An der Uni Duisburg absolvierte Markus Brinkmann bis 2001 ein Schiffbaustudium und arbeitet heute als Konstrukteur im Stahlschiffbau der Flensburger Schiffbau-Gesellschaft. In seiner Abteilung werden alle Stahlbauteile am Computer konstruiert, nachdem die Entwurfsabteilung festgelegt hat, wie groß, breit und hoch ein Schiff sein muß oder wie viele Fahrzeuge zum Beispiel auf wie viele Decks passen müssen. "Wir berechnen dann alle Bauteile auf ihre Festigkeit, legen die Dicke der Stahlplatten fest oder die Anzahl und Position der Versteifungen", berichtet Brinkmann. "Salopp gesagt passen wir auf, daß das Schiff nicht auseinanderbricht, wenn es bei starkem Wellengang beladen unterwegs ist." 200 Meter lang, 31 Meter breit, fünf Decks und eine Kapazität von 848 Containern, 260 Lkw sowie 656 Pkw: So sehen die Eckdaten von Brinkmanns aktuellem Projekt aus, ein sogenanntes ConRo-Schiff für eine belgische Reederei. ConRo heißt, daß LKW auf- und abfahren und Container an Deck gestaut werden können.
Ich passe auf, daß das Schiff nicht auseinanderbricht, wenn es beladen unterwegs ist.

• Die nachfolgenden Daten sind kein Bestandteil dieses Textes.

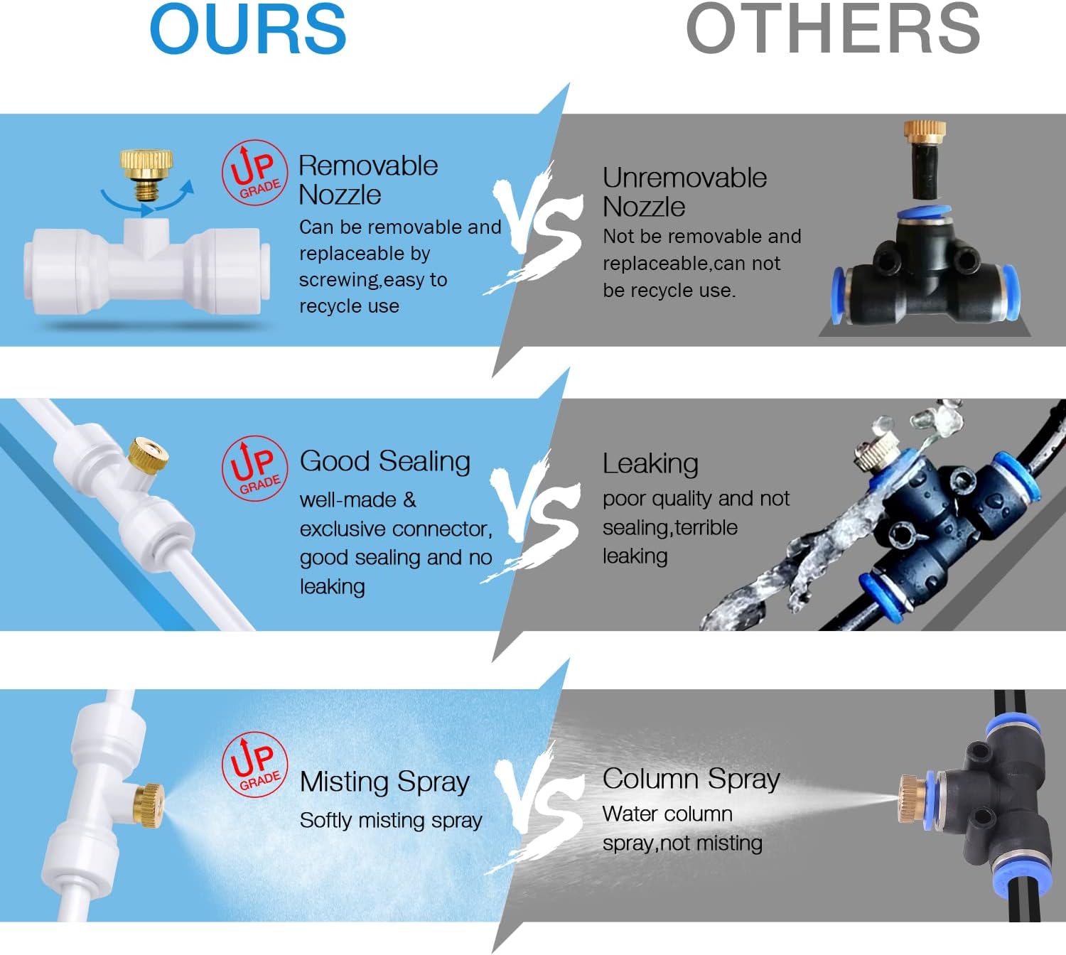 - Easy to Install: Instruction is included. Just need 2 steps in 3 seconds to set up the mister nozzles. NOTE: Recommended to fully and firmly insert the tubing into the tee connector to prevent leaking

Obwohl Markus Brinkmann die Branche nicht wie viele seiner Kollegen von der Pike auf kennengelernt hat, weiß er inzwischen längst, worauf es ankommt: "Man muß auch dafür geboren sein, Schiffbauer sind schon ein besonderes Grüppchen." Die Begeisterung für Schiffe sei Voraussetzung: "Der Anblick eines fertigen Schiffes in der Bauhalle und die Gewißheit, selber einen Anteil an solch einem Koloß zu haben, ist Motivation genug." Dem Nachwuchs rät Markus Brinkmann, eine hohe Belastbarkeit mitzubringen: "Denn Schiffbau ist immer zeitkritisch." Was das Auf und Ab in der Industrie betrifft, empfiehlt der Konstrukteur eine gehörige Portion Gelassenheit: "Seit zwanzig Jahren stehen Werften immer wieder kurz vor der Pleite. Man darf sich davon nicht verunsichern lassen."